:: To do ::
Reproduce the listing in full. Omit the pictures.

:: Information provided ::
——————————

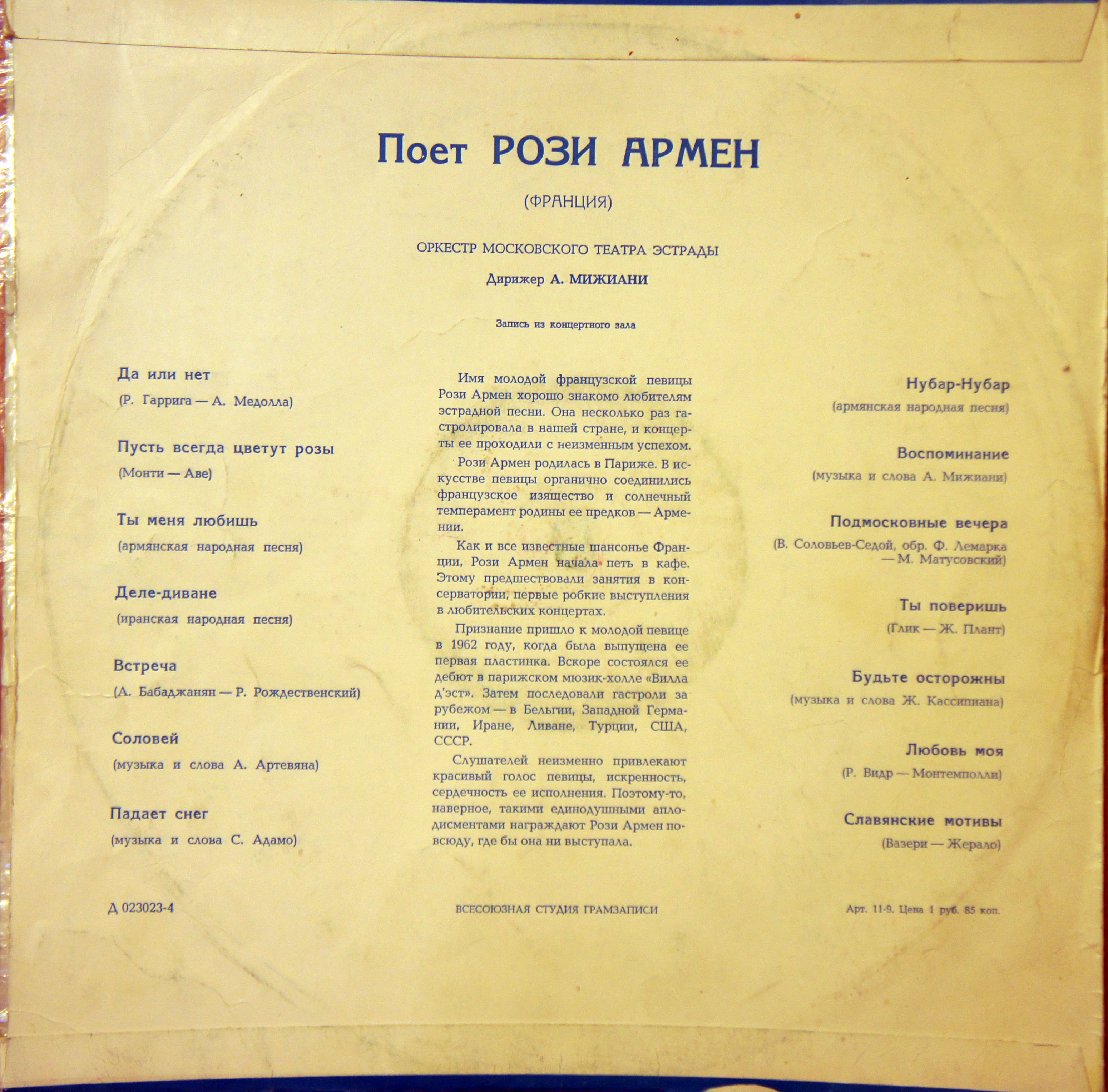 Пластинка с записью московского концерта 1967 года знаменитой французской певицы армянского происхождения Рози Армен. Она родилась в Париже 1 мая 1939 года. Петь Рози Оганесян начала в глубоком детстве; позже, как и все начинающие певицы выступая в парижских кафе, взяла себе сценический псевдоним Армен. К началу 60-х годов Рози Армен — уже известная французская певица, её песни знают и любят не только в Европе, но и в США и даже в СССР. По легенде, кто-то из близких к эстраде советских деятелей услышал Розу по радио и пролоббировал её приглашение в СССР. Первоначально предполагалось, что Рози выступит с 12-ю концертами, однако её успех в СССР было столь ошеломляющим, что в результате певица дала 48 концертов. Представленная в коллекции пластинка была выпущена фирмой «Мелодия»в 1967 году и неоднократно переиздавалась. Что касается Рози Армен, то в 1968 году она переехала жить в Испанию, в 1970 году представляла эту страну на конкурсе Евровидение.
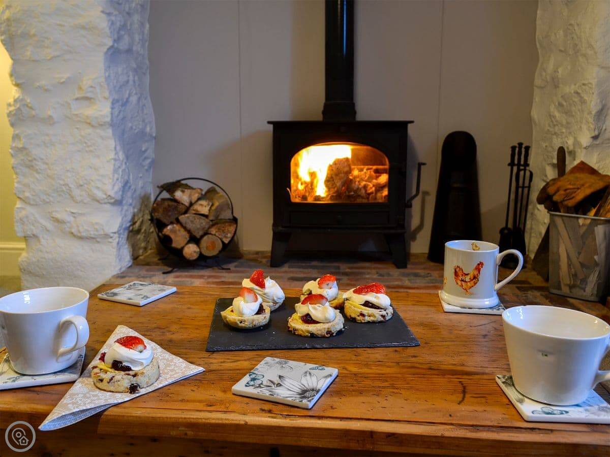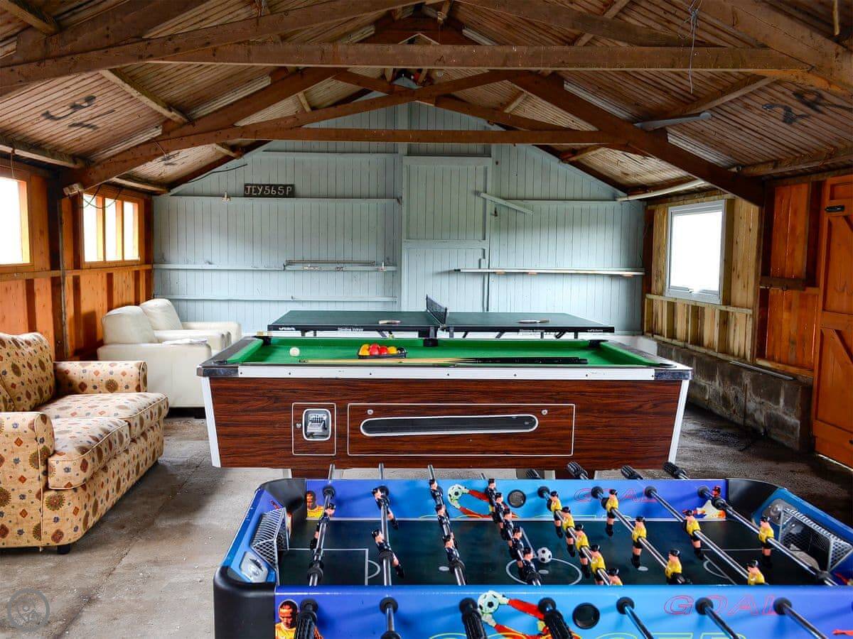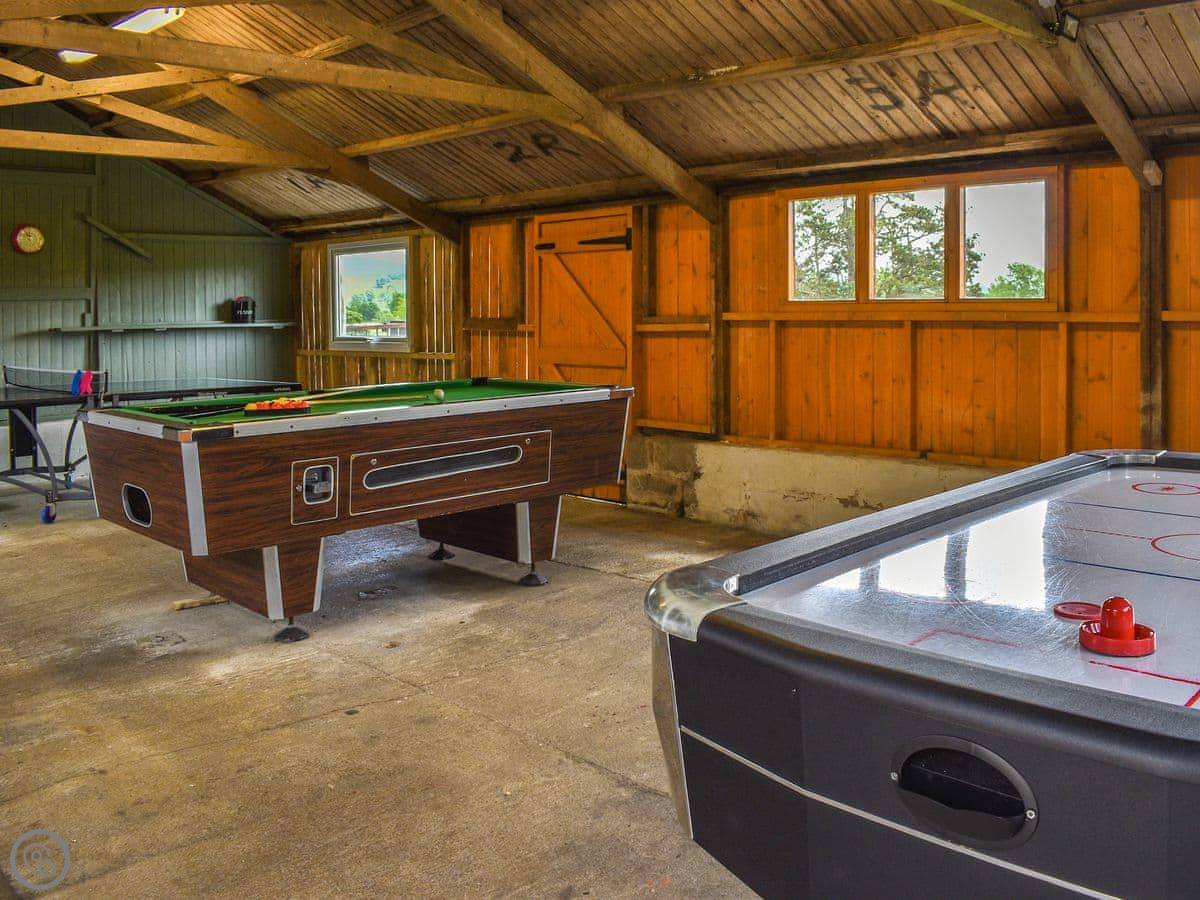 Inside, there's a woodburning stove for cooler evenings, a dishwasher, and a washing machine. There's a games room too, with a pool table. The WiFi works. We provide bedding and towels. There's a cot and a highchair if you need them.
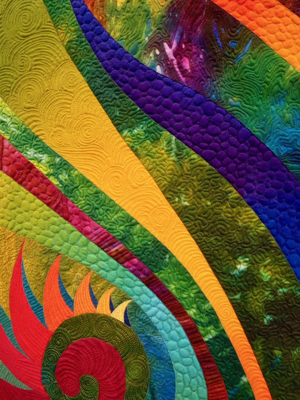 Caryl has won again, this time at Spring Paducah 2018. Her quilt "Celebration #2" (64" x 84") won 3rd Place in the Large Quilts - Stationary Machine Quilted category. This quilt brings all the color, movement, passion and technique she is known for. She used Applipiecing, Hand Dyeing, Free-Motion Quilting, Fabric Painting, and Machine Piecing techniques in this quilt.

——————————

:: Output for this task ::
 Пластинка с записью московского концерта 1967 года знаменитой французской певицы армянского происхождения Рози Армен. Она родилась в Париже 1 мая 1939 года. Петь Рози Оганесян начала в глубоком детстве; позже, как и все начинающие певицы выступая в парижских кафе, взяла себе сценический псевдоним Армен. К началу 60-х годов Рози Армен — уже известная французская певица, её песни знают и любят не только в Европе, но и в США и даже в СССР. По легенде, кто-то из близких к эстраде советских деятелей услышал Розу по радио и пролоббировал её приглашение в СССР. Первоначально предполагалось, что Рози выступит с 12-ю концертами, однако её успех в СССР было столь ошеломляющим, что в результате певица дала 48 концертов. Представленная в коллекции пластинка была выпущена фирмой «Мелодия»в 1967 году и неоднократно переиздавалась. Что касается Рози Армен, то в 1968 году она переехала жить в Испанию, в 1970 году представляла эту страну на конкурсе Евровидение.
 Inside, there's a woodburning stove for cooler evenings, a dishwasher, and a washing machine. There's a games room too, with a pool table. The WiFi works. We provide bedding and towels. There's a cot and a highchair if you need them.
 Caryl has won again, this time at Spring Paducah 2018. Her quilt "Celebration #2" (64" x 84") won 3rd Place in the Large Quilts - Stationary Machine Quilted category. This quilt brings all the color, movement, passion and technique she is known for. She used Applipiecing, Hand Dyeing, Free-Motion Quilting, Fabric Painting, and Machine Piecing techniques in this quilt.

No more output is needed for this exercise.